Sociology of Revolution is a 1925 book by Russian American sociologist Pitirim Sorokin. Sociology of revolution as branch of sociology was developed by Thomas Hobbes in Leviathan. to a certain extent earlier than Sorokin. Hobbes lived and created in the period of English Revolution. In the opinion by Hobbes, "the war of all against all" (Bellum omnium contra omnes) begins in the period of revolution and of Civil War, when all men threaten by each man, when each man has the right to all things by right of strong man, when "Man Is Wolf to Man" (Homo homini lupus) Sorokin had generalized the data about the new revolutions, unknowns for Hobbes – French Revolution, Russian Revolution (1917), etc.

Review
Wilbur Cortez Abbott wrote in work "The Working of Revolution". that Sorokin has worked, so to speak, in a laboratory of revolution. Sorokin was, indeed, not able to set down his conclusions in Bolshevist Russia; Sorokin was banished from Russia in 1922, Sorokin wrote his book in the more hospitable atmosphere of Czecho-Slovakia". Sorokin was head of the department of sociology in the University of Petrograd, he was one of the leaders of the moderate revolutionary party, he was a member of the All-Russian Peasants' Soviet and of the Constituent assembly " in 1917-1918. Sorokin had been imprisoned three times, condemned to death and finally exiled by Bolshevist government for that. What is the result of his study of Russian revolution? Book of Sorokin is, briefly, the most damning indictment of Bolshevist regime. This book is a careful study of revolution in general. It is one of the best descriptions of revolution ever written—that of Thucydides on Corcyra—as it is with the events in France of the eighteenth century or Russia in the twentieth. Revolution is reversion of civilized people to savagery.

History of creation
The book Sociology of revolution was conceived by Sorokin in the years of Russian Civil War in 1917–1922. Sorokin started writing of this book in Prague in 1922. This book was published in the US in 1925.

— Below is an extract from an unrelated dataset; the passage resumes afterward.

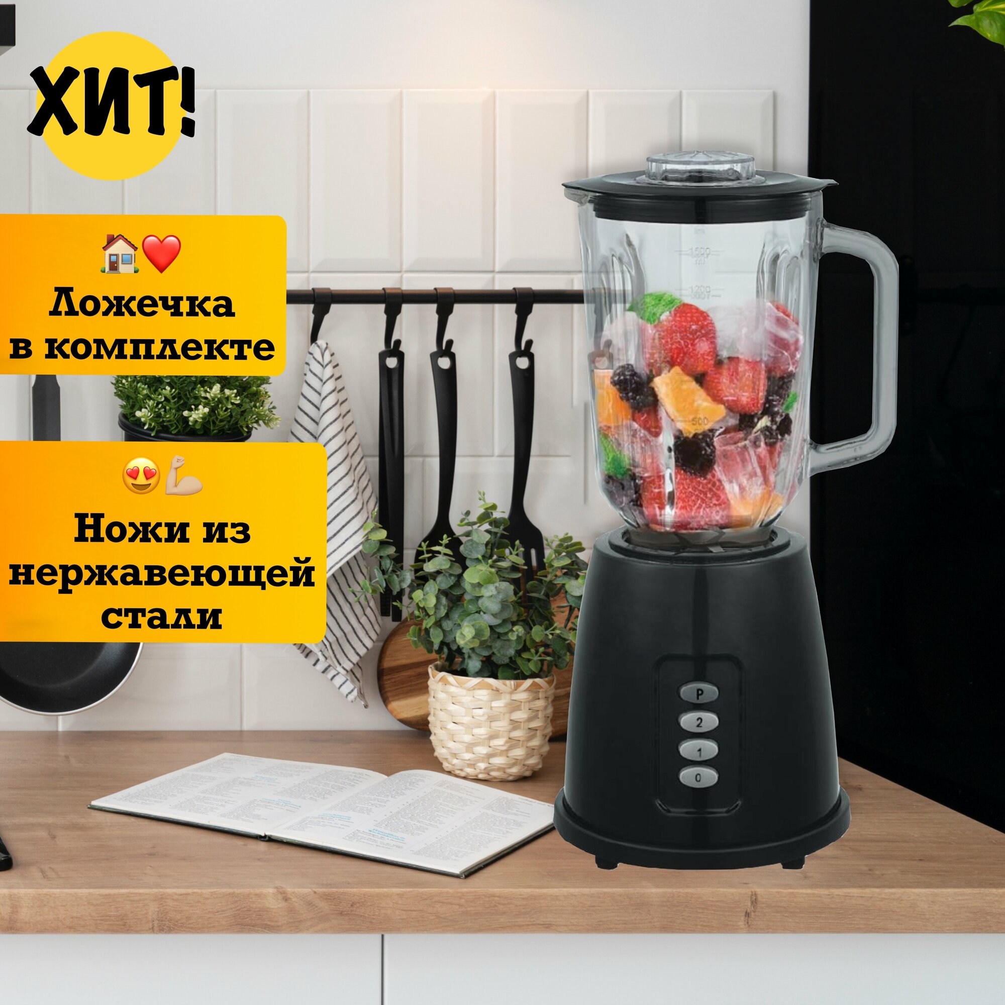 Миксеры и блендеры Блендер, блендер домашний, блендер стационарный, блендер для смузи, 1000 Вт, кувшин 1.5 литра, импульсный режим, 2 скорости работы, черный

Sorokin was entitled the privatdozent of Petrograd university in January, 1917 . Sorokin became the editor of the newspaper of Socialist Revolutionary Party and the personal secretary of the prime minister Alexander Kerensky after February Revolution. Sorokin was arrested by Bolsheviks as the deputy of the Russian Constituent Assembly on January 2, 1918, Sorokin was compelled to disappear from the authorities after release from bolshevist prison. Then Sorokin had published the open letter in newspaper in which Sorokin states a failure of tactics of Socialist Revolutionary Party and Sorokin declares a gap with this party. Vladimir Lenin focused the attention on this letter in the Lenin's known article "Valuable Recognitions of Pitirim Sorokin". Sorokin stopped being engaged in political activity and Sorokin resumed own teaching activity. The authorities didn't like its devastating Sorokin's review about work of Nikolai Bukharin "The theory of a historical materialism". Later the set of the Sorokin's book "Hunger as a factor in Human Affairs" was destroyed. Sorokin was arrested as the representative of "bourgeois professorate" and forced out from Russia under the threat of execution in 1922. Sorokin appeared in the US for this reason.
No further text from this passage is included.